Cyberattacks come in various forms and utilize diverse methods to achieve their goals. Protecting companies and organizations against cyberattacks requires a multi-layered approach that encompasses technological measures, employee training, and robust security practices. Read 12 tips from our experts and find out how you can prevent different types of attacks.

  1. Implement Strong Access Controls:
    • Utilize strong authentication methods such as multi-factor authentication (MFA) to add an extra layer of protection for accessing systems and data.
    • Limit access privileges to only those who need them and regularly review and update user permissions.
  2. Regularly Update Software and Systems:
    • Keep operating systems, applications, and software up to date with the latest security patches to close vulnerabilities that attackers could exploit.
  3. Use Advanced Endpoint Protection:
    • Employ modern and robust endpoint security solutions that provide real-time threat detection, prevention, and response for all devices connected to your network.
  4. Secure Network Perimeters:
    • Set up firewalls, intrusion detection and prevention systems (IDS/IPS), and network segmentation to prevent unauthorized access to your internal networks.
  5. Educate and Train Employees:
    • Conduct regular cybersecurity training for employees to raise awareness about phishing, social engineering, and other attack vectors.
    • Teach employees how to recognize suspicious emails, links, and attachments.
  6. Implement Email Security Measures:
    • Use email filters to block spam, phishing attempts, and malicious attachments.
    • Enable Domain-based Message Authentication, Reporting, and Conformance (DMARC) to prevent email spoofing.
  7. Backup Critical Data:
    • Regularly back up important data and store backups offline or in secure environments. This helps in case of data loss due to attacks like ransomware.
  8. Create an Incident Response Plan:
    • Develop a well-defined incident response plan that outlines steps to take in case of a cyberattack. Test and refine the plan regularly.

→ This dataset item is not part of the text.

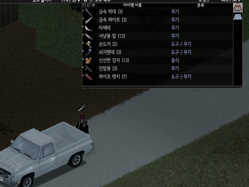 판자로 좀비를 잡는건 무난했다. 하지만 워낙에 잘 부서지다보니 1~2마리씩 유인해서 눕힌뒤 뚝배기 방식의 전투로 진행했다. 하지만 문제가 너무 느리다는 것이다. 멀드로우에 가까워질수록 좀비는 많아지고 하나둘 불러서 잡는데는 한계가 보이기 시작했다. 무게도 3이기 때문에 많이 들고 다니지도 못했다. 혹시나 중간에 부서지면 바로 다음 판자를 쓰기위에 착용+등뒤 부착을 하다보니 무게 게이지도 엄청났다.

  9. Monitor Network Activity:
    • Implement continuous monitoring of network traffic and systems for unusual or suspicious activities, which can help detect attacks early.
  10. Engage Third-Party Security Services:
    • Consider utilizing external cybersecurity firms to perform regular audits, penetration tests, and security assessments to identify vulnerabilities.

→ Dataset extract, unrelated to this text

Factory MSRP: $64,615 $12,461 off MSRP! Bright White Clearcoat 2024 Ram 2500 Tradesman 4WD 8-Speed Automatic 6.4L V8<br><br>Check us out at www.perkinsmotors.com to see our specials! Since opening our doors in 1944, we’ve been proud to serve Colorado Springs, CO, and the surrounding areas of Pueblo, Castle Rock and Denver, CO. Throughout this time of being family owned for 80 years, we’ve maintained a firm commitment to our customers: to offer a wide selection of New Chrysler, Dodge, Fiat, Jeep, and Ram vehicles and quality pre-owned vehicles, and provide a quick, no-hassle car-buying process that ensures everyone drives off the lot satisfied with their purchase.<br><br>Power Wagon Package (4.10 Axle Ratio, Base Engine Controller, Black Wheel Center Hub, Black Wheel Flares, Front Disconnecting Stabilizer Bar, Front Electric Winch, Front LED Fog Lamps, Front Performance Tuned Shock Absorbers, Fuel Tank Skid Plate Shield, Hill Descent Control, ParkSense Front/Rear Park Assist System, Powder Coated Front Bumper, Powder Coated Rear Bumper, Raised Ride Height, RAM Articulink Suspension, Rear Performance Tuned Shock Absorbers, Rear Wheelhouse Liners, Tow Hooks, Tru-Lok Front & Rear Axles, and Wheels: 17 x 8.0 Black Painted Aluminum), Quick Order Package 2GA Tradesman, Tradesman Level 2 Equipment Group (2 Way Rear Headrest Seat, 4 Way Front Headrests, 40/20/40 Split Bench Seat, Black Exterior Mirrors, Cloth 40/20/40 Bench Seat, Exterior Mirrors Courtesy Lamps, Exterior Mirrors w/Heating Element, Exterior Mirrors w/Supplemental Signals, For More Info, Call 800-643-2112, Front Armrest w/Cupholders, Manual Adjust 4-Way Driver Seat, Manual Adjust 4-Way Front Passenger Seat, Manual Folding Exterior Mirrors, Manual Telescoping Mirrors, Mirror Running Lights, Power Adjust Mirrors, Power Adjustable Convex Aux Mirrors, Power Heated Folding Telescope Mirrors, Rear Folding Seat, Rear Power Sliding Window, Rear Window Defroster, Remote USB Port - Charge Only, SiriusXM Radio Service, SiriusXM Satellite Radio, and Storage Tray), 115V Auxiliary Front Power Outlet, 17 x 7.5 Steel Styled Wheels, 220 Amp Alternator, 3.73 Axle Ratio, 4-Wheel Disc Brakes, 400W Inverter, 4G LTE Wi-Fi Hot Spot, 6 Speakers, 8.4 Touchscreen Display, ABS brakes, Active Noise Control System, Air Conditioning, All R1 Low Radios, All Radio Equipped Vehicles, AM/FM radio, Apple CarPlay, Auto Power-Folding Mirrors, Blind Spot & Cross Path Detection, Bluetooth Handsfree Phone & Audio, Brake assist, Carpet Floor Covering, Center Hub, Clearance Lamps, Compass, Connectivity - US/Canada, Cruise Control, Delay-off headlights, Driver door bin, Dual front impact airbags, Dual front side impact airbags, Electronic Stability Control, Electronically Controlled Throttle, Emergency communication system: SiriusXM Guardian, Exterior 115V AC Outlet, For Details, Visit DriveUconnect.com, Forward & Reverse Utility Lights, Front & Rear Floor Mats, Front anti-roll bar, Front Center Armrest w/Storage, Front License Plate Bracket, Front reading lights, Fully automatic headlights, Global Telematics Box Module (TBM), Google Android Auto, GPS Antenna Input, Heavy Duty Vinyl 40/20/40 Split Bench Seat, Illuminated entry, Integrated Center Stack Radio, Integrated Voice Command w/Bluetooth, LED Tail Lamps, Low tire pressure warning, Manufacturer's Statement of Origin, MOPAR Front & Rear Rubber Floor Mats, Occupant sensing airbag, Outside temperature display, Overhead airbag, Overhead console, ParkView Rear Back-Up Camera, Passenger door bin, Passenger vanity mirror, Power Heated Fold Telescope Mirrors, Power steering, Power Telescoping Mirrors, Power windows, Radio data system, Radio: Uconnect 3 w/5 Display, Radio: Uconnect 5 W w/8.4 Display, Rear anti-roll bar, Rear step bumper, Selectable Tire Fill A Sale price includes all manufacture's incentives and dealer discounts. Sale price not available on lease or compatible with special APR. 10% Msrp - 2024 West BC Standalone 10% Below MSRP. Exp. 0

  11. Encrypt Sensitive Data:
    • Encrypt sensitive data both at rest and during transmission to ensure that even if it is compromised, it remains unreadable to unauthorized parties.
  12. Secure Internet of Things (IoT) Devices:
    • Implement strong security practices for IoT devices, including updating firmware, changing default passwords, and segregating IoT networks from critical systems.
  13. Effective Vulnerability Management:
    • Regular scans and audits are used to detect vulnerabilities in software, networks and system configurations. These vulnerabilities can be exploited by attackers to gain unauthorised access or introduce malware.

Find our more about cyber hygiene from our blog post. You will find there best practices for home office and workinf from your office.

As technology continues to advance, so too do the tactics and strategies employed by cyberattackers, making it essential for individuals, businesses, and organizations to stay vigilant and adopt robust cybersecurity measures to defend against these threats.